Yea, I know what you mean. Records of a temple listed over 5 million flower bouquets in one month as gifts to the temple. You then have to think about the size of the population and conclude that people must have visited the temple at least twenty times a week. So this must have happen during the harvest celebration. Then you have to realize that the people had to have time to grow the flowers. And then there has to be a value put on the flowers. Flowers are a luxury item of no value and are grown when times are good and there is plenty of food and people are happy.
Cold you be a little less vague?
Here's an awesome podcast on how the fear of death led to some aspects of religion. They stumble into the discussion of it about half way through] But "fear" is only part of the equation, we wouldn't fear death if we didn't love. That's why Ingersoll said “Love is a flower that only grows on the edge of a grave." If we didn't care about our human connections, we wouldn't be bothered when they end. We wouldn't look to create meaning from something that has ceased to be. Religion tries to do that, and ignores that meaning is created by the living. Religion says, "this is what that meant", life says, "take this moment and make something of it."

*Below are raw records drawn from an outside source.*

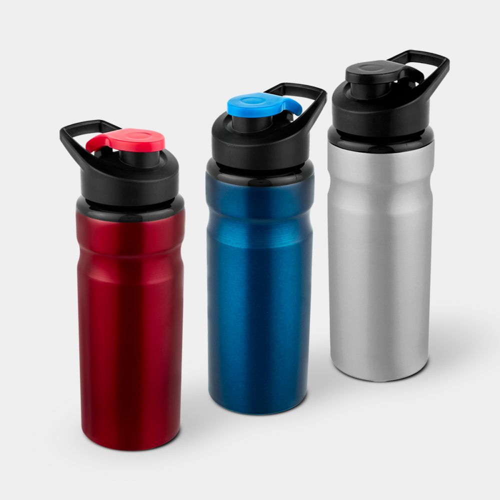 Cilindro de aluminio de una pared. Tapa de plástico con cierre de rosca, asa, boquilla y sobre tapa de presión. Incluye caja individual.
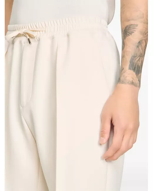 off-white drawstring fastening elasticated waistband side seam-pockets back welt-pockets pleat detail
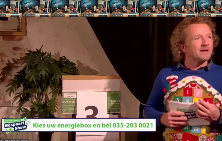 Het begin van de energieshow was voor veel deelnemers nog even ongemakkelijk met linkjes die aangeklikt moest worden en vragen die digitaal gingen via buttons, maar al snel ging de digitale bespaarshow soepel via Zoom als een ‘gewone’ televisie spelquiz. Pepijn Gunneweg presenteerde en begeleide (…in zijn feestelijke kersttrui) met veel enthousiasme de “Heel Soest(erberg) Bespaar Show” die zo’n twee uur duurde gisterenavond.
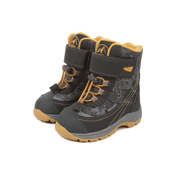 Сапоги сноубутсы Pasito утепленные с фиксатором на липучке с желтыми вставками серые
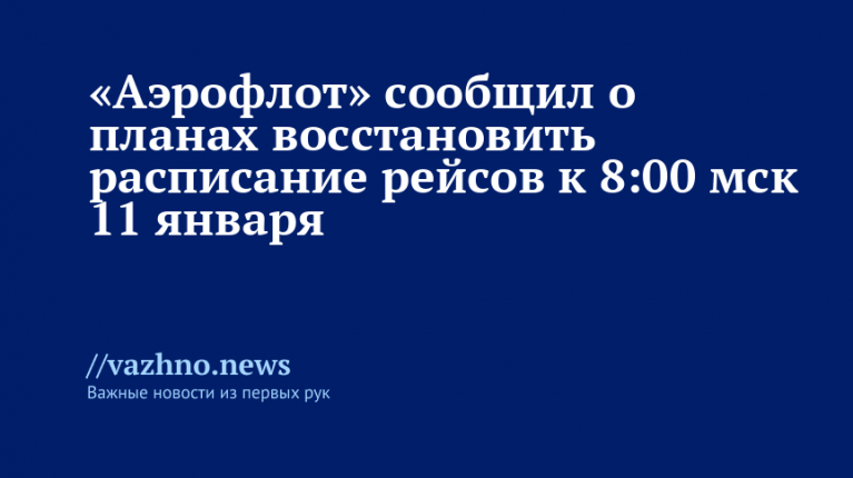 Авиакомпания «Аэрофлот» намерена вернуть обычное расписание полетов к 8:00 мск 11 января. Об этом 10 января было сообщено в Telegram-канале перевозчика.

This is kind of a tangent, but do you mean the bolded bit in an absolute sense? I don't know what "absolute sense" means to you, so I can't answer that. The two things are tied together, if you didn't care about a person you wouldn't be bothered when they die, if you didn't care about what you do for others, you wouldn't care about your own death. Ah okay, I think this answers my question. I know that I'd fear my own death even if I didn't care for others, so your comment jumped out at me.